DonorLedger vs Little Green Light: which fits tiny nonprofits?
If you’re a volunteer treasurer, the real question is not “which platform has the most features?” It’s “which tool fits the way our donations actually happen?” DonorLedger is built for tiny nonprofits that need clean records, IRS-compliant receipts, and one-click year-end giving statements without adopting a full CRM. Little Green Light is the better fit when your organization actively fundraises and needs a broader donor-management system with campaigns, mailings, and volunteer tracking.
At a glance
- DonorLedger: donation records first, with IRS-compliant receipts and one-click year-end statements for every donor at once.
- Little Green Light: a full donor-management CRM with fundraising pipelines, mailings, and volunteer tracking.
- DonorLedger is simpler and uses one flat plan; Little Green Light is priced by number of donor records.
- DonorLedger is especially strong for offline gifts like checks, cash, and in-kind donations because it is the system of record, not a payment processor.
- Little Green Light is the stronger choice if you need ongoing fundraising workflows, not just compliant recordkeeping.
Pricing
DonorLedger uses one plan: $15/month or $144/year, with a 7-day free trial and no credit card required. That makes the value proposition easy to understand for a tiny org: you get records, receipts, and year-end statements without worrying about tiers, add-ons, or per-donor fees.
Little Green Light is priced by number of donor records, which can make sense for a CRM that grows with your fundraising database. But for a small volunteer-run group that mainly needs to keep donation records straight and send compliant statements once a year, a simpler flat-price tool is often easier to budget for and easier to keep using.
Compared
- DonorLedger is built for fast gift entry, with date/fund/method fields that stick between entries—useful on counting night when you’re entering a batch of donations.
- DonorLedger can import a CSV and auto-create donors from an existing spreadsheet, which is helpful if your current system is a donation tracking spreadsheet.
- DonorLedger includes required IRS acknowledgment wording for cash, in-kind, and quid pro quo gifts, so receipts and statements are not starting from a blank page.
- DonorLedger can generate year-end statements for every donor at once, including itemized gifts, fund totals, and IRS language, then email them in bulk or produce a print-ready stack for donors without email.

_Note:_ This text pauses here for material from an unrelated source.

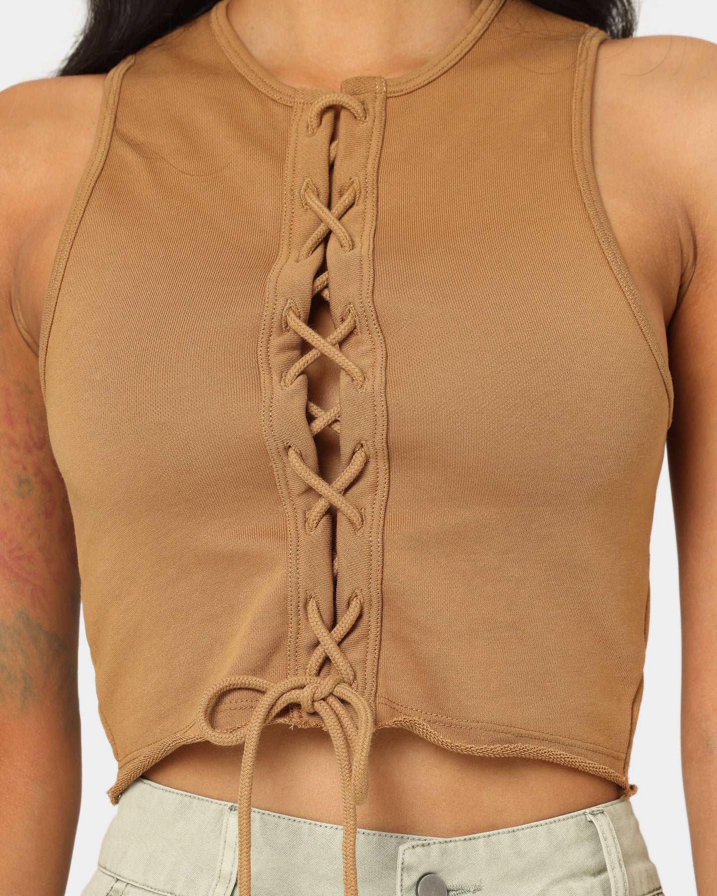 EN ES Women's Reny Lace Up Crop Top Tan

- DonorLedger tracks funds and is designed to record offline gifts such as checks, cash, and in-kind donations.
- Little Green Light is broader: it is a full CRM for fundraising pipelines, mailings, and volunteer tracking.

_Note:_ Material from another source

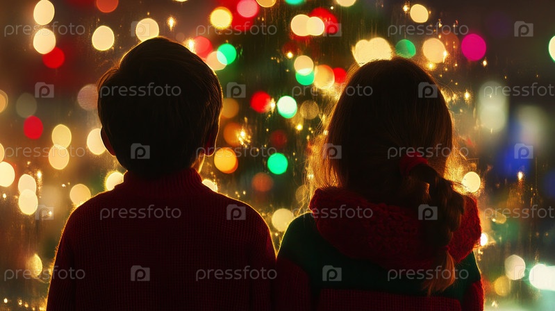 Двое детей смотрят в окно на ярко освещенную рождественскую елку, полные удивления перед праздником

- Little Green Light is better suited to organizations that run campaigns, manage donor communications, and want a central system for more than just receipts and statements.

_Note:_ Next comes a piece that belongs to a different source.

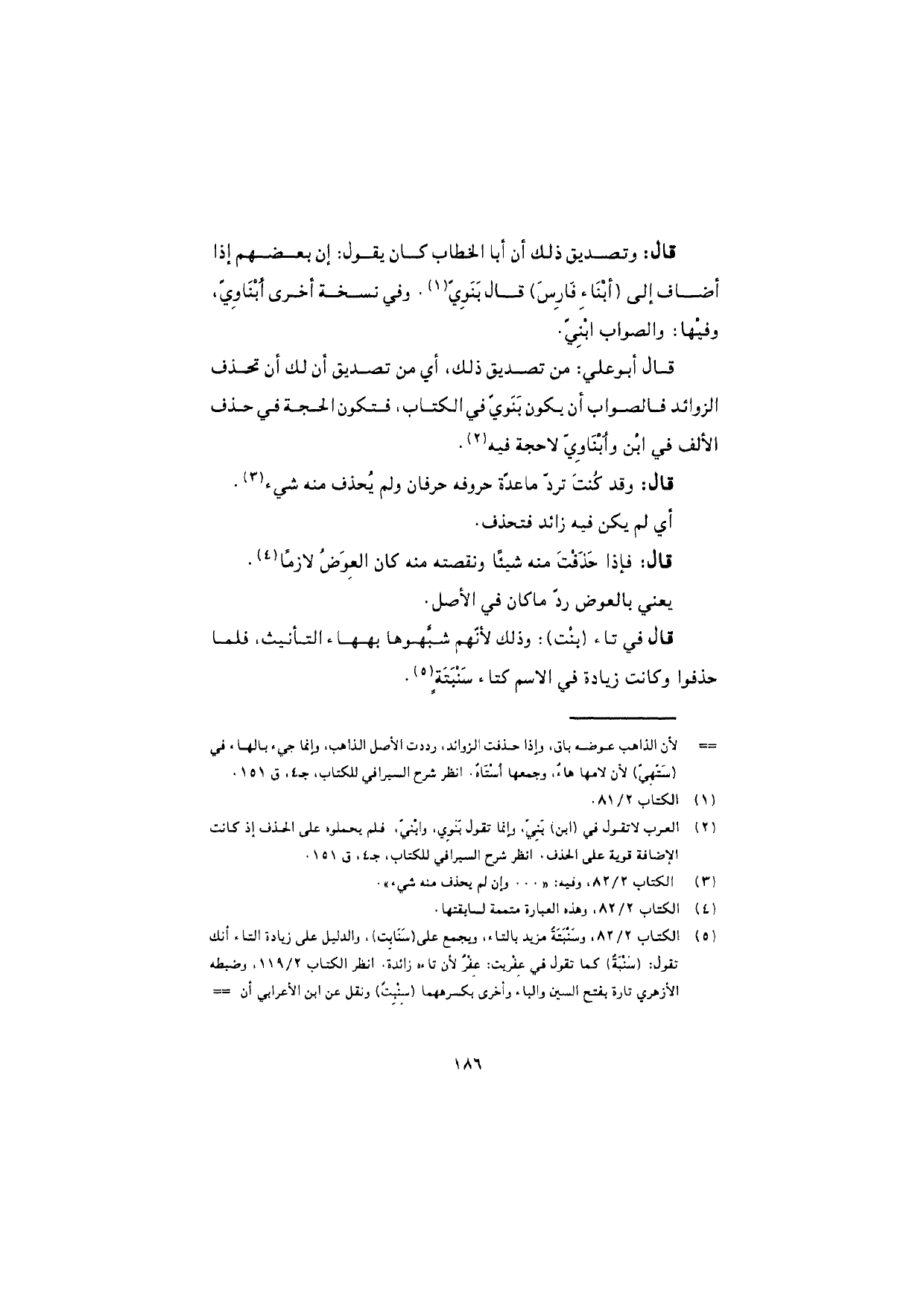 قال: وتصديق ذلك أن أبا الخطاب كان يقول: إن بعضهم إذا أضاف إلى (أبْناءِ فارِسَ) قال بَنَوِيّ. وفي نسخة أخرى أبْناوِيّ، وفيها: والصواب ابْنِيّ.

Where Little Green Light is the better choice
- Choose Little Green Light if your organization actively fundraises and needs a real CRM, not just donation records.
- It makes more sense if you want fundraising pipelines, mailings, and volunteer tracking in the same system.
- If your team already thinks in terms of campaigns, donor journeys, and ongoing outreach, Little Green Light’s broader toolkit may fit better.
- If you have the time and staff capacity to maintain a richer donor database, the extra structure can be an advantage rather than a burden.
Where DonorLedger wins
- DonorLedger is simpler: records, receipts, statements, done.
- The one flat price is easier for tiny nonprofits, booster clubs, PTOs, rescues, and food pantries to budget for.
- IRS-compliant wording is built in for the kinds of acknowledgments small orgs actually need.
- One-click year-end statements are the standout feature for January, when volunteer treasurers are trying to finish fast and avoid mistakes.
- Because DonorLedger is the system of record, it covers offline gifts that payment platforms only handle when the donation flows through them.
- It is a strong fit if your current process is a spreadsheet and you mainly need to upgrade into something safer and faster without adopting a full CRM.
Who should choose which
- Choose DonorLedger if you are a volunteer treasurer at a tiny nonprofit, PTO, booster club, rescue, food pantry, or small church that mainly needs donation records, receipts, and year-end statements.
- Choose DonorLedger if most gifts are checks, cash, or in-kind donations and you want a clean system of record for offline giving.
- Choose Little Green Light if your organization is larger, actively fundraises, and needs campaigns, mailings, and volunteer tracking as part of day-to-day operations.
- If you are still living in a donation tracking spreadsheet and only need a better way to record gifts and send compliant statements, DonorLedger is usually the lighter lift.
A practical way to decide
- List the last 12 months of donation work your treasurer actually did: entering gifts, sending receipts, preparing year-end statements, and maybe importing a spreadsheet.
- If that list is mostly recordkeeping and compliance, DonorLedger is probably enough.
- If that list includes campaigns, donor outreach, and volunteer coordination, Little Green Light may be worth the extra CRM depth.
- If you are unsure, start with DonorLedger’s free year-end statement generator to see how the year-end workflow feels before you commit to a full system.